If you explain more concretely the condition using simplified example, we can think of more concrete solution.
Takashi
Sorry for any vagueness, here is a crude example of the data with only the relevant attributes filled in;
As you can see, some of the ParcelIDs are unique, that is fine, but some of them exist more than once and, for those that occur more than once, sometimes the Category code is the same across instances and sometimes it is different (ID 112 is the same but you can see 113's are not all the same - i am concerned where they are all the same).
I have put in a column saying 'duplicate' which is what im aiming to automate across many millions of features.
Actually I have come up with a very crude working using Listbuilder to extract Category grouped by ParcelID then AttributeCreator and a long series of testers and composite testers to see if categories match each other or not. There has to be an easier way as i've used about 12 transformers and still havent got it right!
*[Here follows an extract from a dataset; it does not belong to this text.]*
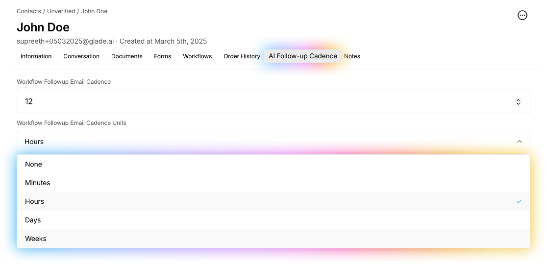 Decide the cadence you prefer & the units. Adjust the follow-up frequency (a.k.a cadence & units) by selecting from the available options, such as:

I thought you are trying to find not-unique pair of Parcel ID and Category code. That is, expected result should be:
Unique:
111 CA
113 GP
114 F
Duplicated:
112 CP
113 GT ??
115 CP
But in your example, "113 GT" is not classified as "Duplicated".
Could you please define the condition where the pair of Parcel ID and Category should be decided as "Duplicated"?
Hi Takashi, no not duplicated pairs, I am looking for duplicates to be identified when all the parcels of a given ID have the same category. If one instance of a parcel ID has a different category to the others, then it is not duplicate.
OK. I think this workflow would be one of ways to do that.
1) Aggregator_1 counts number of records for every identical ParcelID.
-----
Group By: ParcelID
Mode: Attributes Only
Count Attributes: _num1
2) Sampler selects records having unique combination of ParcelID and Category.
-----
Group By: ParcelID, Category
Sampling Type: First N Features
Sampling Amount: 1
3) Aggregator_2 counts number of the combinations for every identical ParcelID. If all the records of an identical PracelID has the same Category code, _num2 will be 1.
-----
Group By: ParcelID
Mode: Attributes Only
Count Attributes: _num2
4) FeatureMerger merges _num1 and _num2 to original records.
-----
Join On: ParcelID
Feature Merge Type: Attribute Only
Process Duplicate Suppliers: Yes *this is important
5) AttributeCreator creates "Duplicate" attribute. If _num1 is greater than 1 and also _num2 is equal to 1, set "yes". Otherwise set "no".
-----
Attribute Name: Duplicate
Value: 2 Possible Values *use Conditional Value setting
If 1 < @Value(_num1) AND @Value(_num2) = 1 Then yes
Else no
The workflow can be replaces with an InlineQuerier.
SQL Query Example:
-----
select *,
case
when 1 < _num1 and _num2 = 1 then 'yes'
else 'no'
end as Duplicate
from Parcel as a
inner join (select ParcelID, count(*) as _num1
from Parcel group by ParcelID) as b
on b.ParcelID = a.ParcelID
inner join (select ParcelID, count(*) as _num2
from (select distinct ParcelID, Category from Parcel) group by ParcelID) as c
on c.ParcelID = a.ParcelID
-----
Thanks very much Takashi, i'll give it a go today
At first inspection the workflow works correctly, thank you very much indeed. S.